VAIRANO, ITALY, February 8, 2001 - European Formula Racing flexed its motorsport muscle last Saturday in an unusual test at the Vairano circuit in northern Italy. The Ledbury, UK-based operation, which is part of the European ...
VAIRANO, ITALY, February 8, 2001 - European Formula Racing flexed its motorsport muscle last Saturday in an unusual test at the Vairano circuit in northern Italy. The Ledbury, UK-based operation, which is part of the European Aviation Group of Companies owned by expatriate Australian businessman, Paul Stoddart, now boasts a formidable presence in the top levels of single-seater motor racing.
By way of underlining that point, the team rolled out examples of its European Minardi F1, European Minardi F3000 and European Minardi F1x2 chassis at the private test track, near Milan, before giving each of them a series of shakedown runs.
It was a particularly satisfying moment for Stoddart, who last week succeeded in realising his lifelong ambition of owning a Formula One team by acquiring the Italian-based Minardi organisation. His intention is to merge Minardi with European Formula Racing, while ensuring Minardi retains its unique identity and continues to operate out of its Faenza factory, near Bologna.
The Formula One car was entrusted to Spanish teenage sensation, Fernando Alonso, while young Dutch charger, Christian Albers, handled the Formula 3000 chassis and Paul Stoddart himself took the wheel of the Formula One two-seater and acted as "chauffeur" for a number of willing passengers. The highlight of the day was undoubtedly the sight of the three very distinctive European Minardi cars circulating the Italian track in a high-speed convoy. It was a unique occasion and an example of the "free-thinking'' approach that has frequently been a hallmark of Stoddart's business and motorsport endeavours.

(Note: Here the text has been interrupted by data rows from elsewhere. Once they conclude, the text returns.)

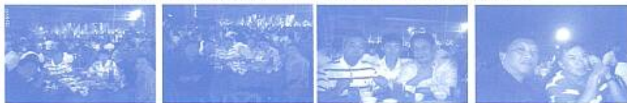
คณะกรรมการสมาคมฯ ร่วมงานราตรีสัมพันธ์ภัตตาคาร
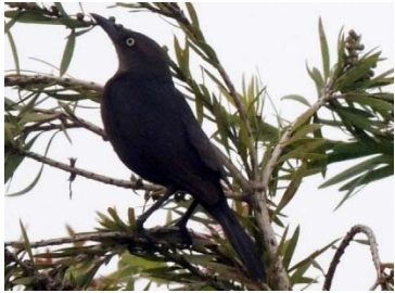
73 Quiscalus lugubris ICTERIDAE

Fotos de: Alejandro Pérez, César villamil, Alejandro Montañez. Producido por: A. Pérez, C. villamil, A. Montañez, con el apoyo de Jorge Enrique Morales UDFJC, © A. Pérez [alejandroperez@profesores.com], C. villamil, [emaushesed@yahoo.com] A. Montañez [M_jando@hotmail.com] Colectivo “Aves-tamiento en Humedales”. 623 versión 2 07/2014
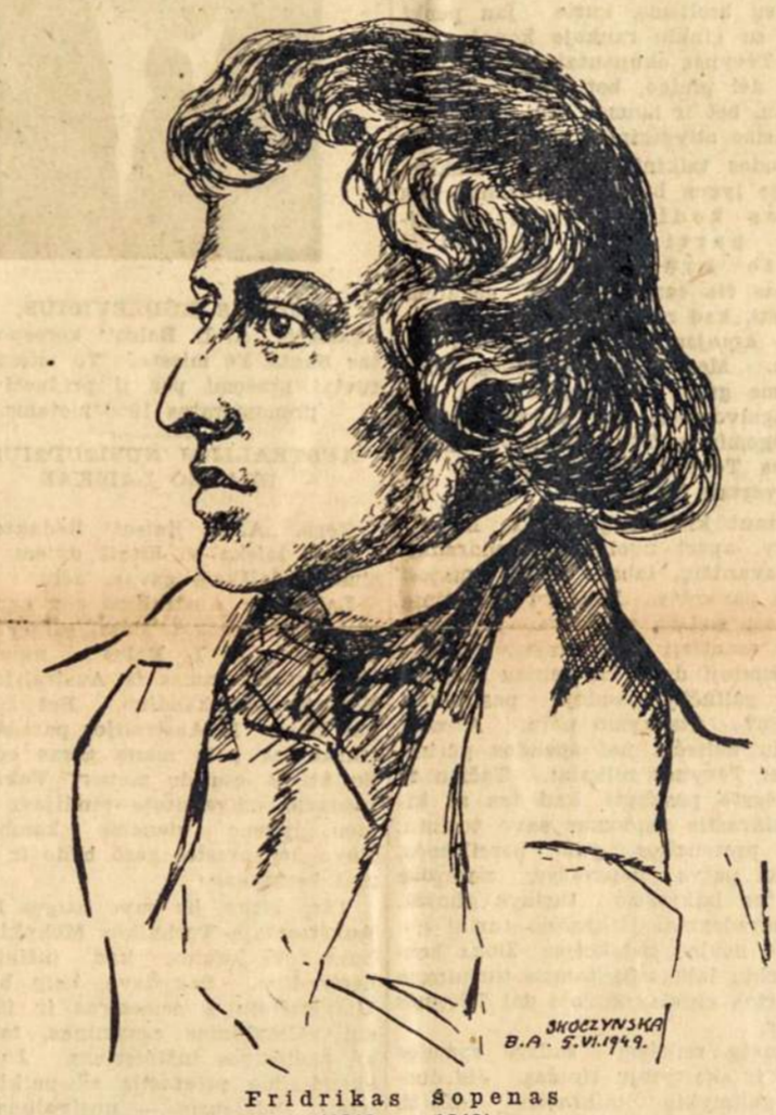
Fridrikas Sopenas (1810 — 1849)
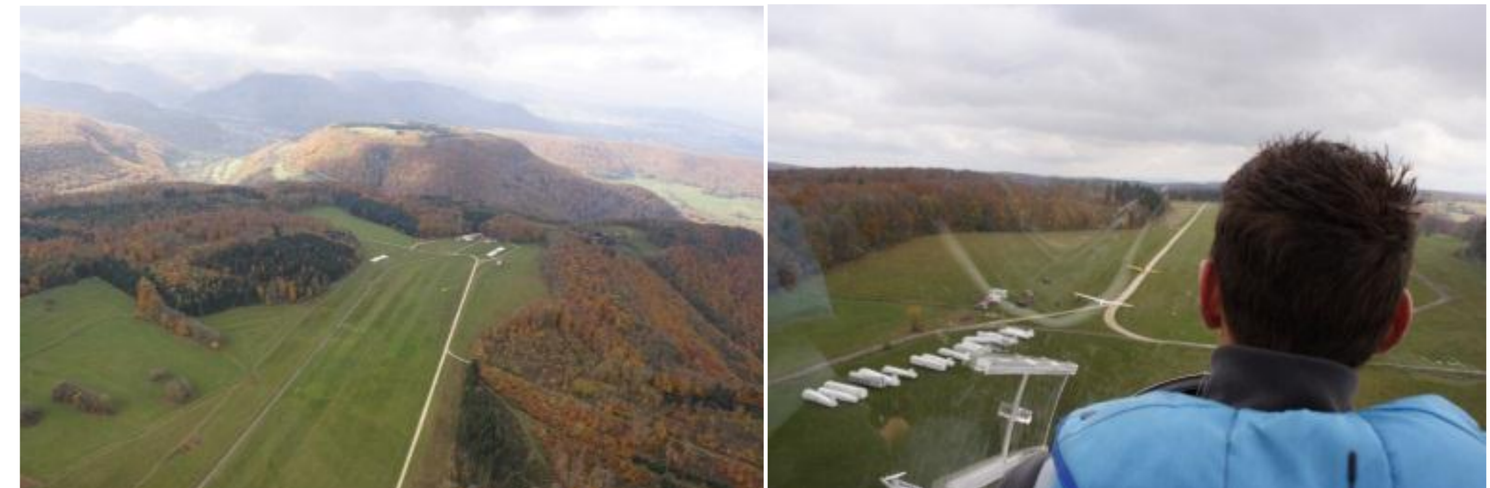
Flugplatz Übersberg bei Reutlingen

Der Flugplatz Übersberg liegt am Albtrauf bei Reutlingen. Es bestehen Mitfahrgelegenheiten von Tübingen aus.

"We thought it would be a great idea just to get the lads and the cars together from our operations in the UK and Italy so they could get to know one another and also blow off the cobwebs that inevitably build up during the off-season," explained Paul Stoddart. "We can't honestly claim to have made any technical gains with the cars as a result of this particular test, but it was still worthwhile to give them a shakedown and it was definitely a useful team- building exercise.
"Everyone, both at Faenza and at Ledbury, is working flat out to ensure a pair of European Minardis are on the grid for the Australian Grand Prix, in Melbourne. Today's programme just served to remind us all of the business we're in, which is motor racing. Like all top sports, it requires high levels of expertise and a lot of hard work to achieve success, but it also requires passion and dedication. I sensed all of those elements were here today, and that makes me optimistic for the future. We're all realists and we know we have a huge job ahead of us, but we also know we can do it and that a lot of the fun is going to be in the journey that takes us from here to there."